Baca artikel IDN Times lainnya di IDN App
Install

Spanyol vs Argentina, Finalissima Akhirnya Terjadi di Piala Dunia 2026

Spanyol vs Argentina, Finalissima Akhirnya Terjadi di Piala Dunia 2026
Kapten Argentina, Lionel Messi, merayakan gol ke gawang Mesir dalam babak 16 besar Piala Dunia 2026 (AFP / Thomas Coex)
Intinya Sih
  • Final Piala Dunia 2026 mempertemukan Spanyol dan Argentina di New York New Jersey Stadium, menggantikan laga Finalissima yang batal akibat konflik geopolitik.
  • Laga ini mencatat sejarah karena pertama kalinya juara Euro dan Copa America bertemu di final Piala Dunia.
  • Spanyol melaju ke final dengan kemenangan dominan atas Prancis, sementara Argentina menembus final lewat comeback dramatis melawan Inggris.
Disclaimer: This was created using Artificial Intelligence (AI)
Share Article

Jakarta, IDN Times - Final Piala Dunia 2026 akhirnya mempertemukan Spanyol versus Argentina di New York New Jersey Stadium, Senin dini hari WIB (21/7/2026). Formasi ini tentunya menjadi medium dari laga yang sudah tertunda lama, yakni Finalissima.

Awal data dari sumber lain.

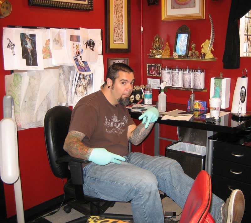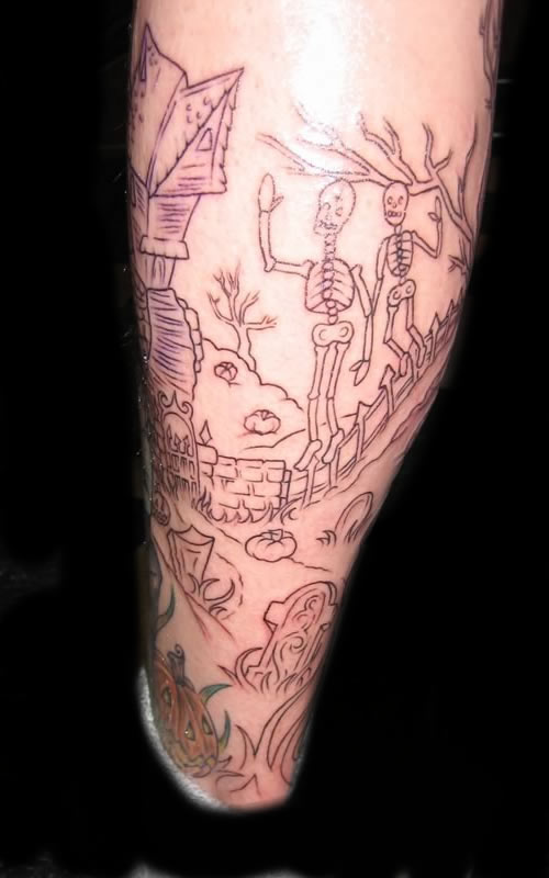 Chris got more work done on his Nightmare before Christmas leg sleeve and has the scars to prove it. I got a few little sailor sparrows–pics will come after we are done whining about the itchiness and soreness (and yes, that’s from the TATTOOS, not any other sort of debauchery–get yer minds out the gutter!).

Ya, Finalissima memang sempat direncanakan untuk digelar demi mempertemukan juara Euro 2024, Spanyol, dan kampiun dari Copa America 2024, Argentina. Namun, rencana yang seharusnya digelar pada 27 Maret 2026 di Qatar itu harus batal akibat perang antara Iran dan Amerika Serikat-Israel.

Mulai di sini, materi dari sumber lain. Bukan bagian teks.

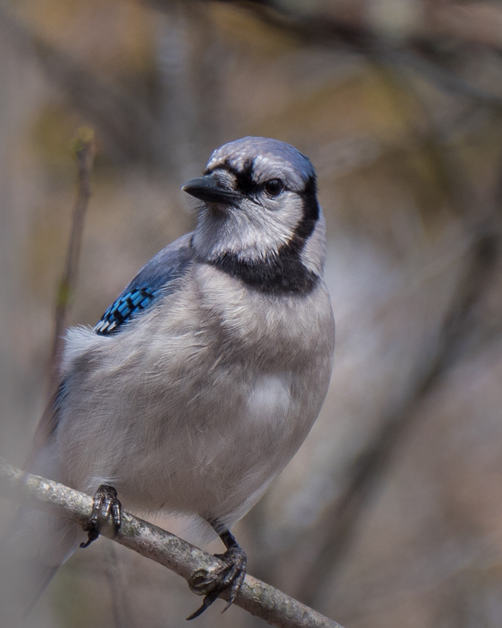 A Blue Jay around the spot where I saw a pair carrying twigs the other day — an area worth monitoring:

1. Negosiasi alot berujung pada batalnya Finalissima

Bek Spanyol, Pau Cubarsi, saat berduel memperebutkan bola dengan Kylian Mbappe (AFP / Franck Fife)
Bek Spanyol, Pau Cubarsi, saat berduel memperebutkan bola dengan Kylian Mbappe (AFP / Franck Fife)

UEFA, CONMEBOL, RFEF, AFA, dan operator di Qatar, terpaksa membatalkan Finalissima atas alasan keamanan. Opsi-opsi lain seperti format dua leg hingga netralitas tempat sempat dibahas oleh seluruh pihak. Namun, pada akhirnya tak ada kesepakatan yang tercapai dan hasilnya, Finalissima harus dibatalkan.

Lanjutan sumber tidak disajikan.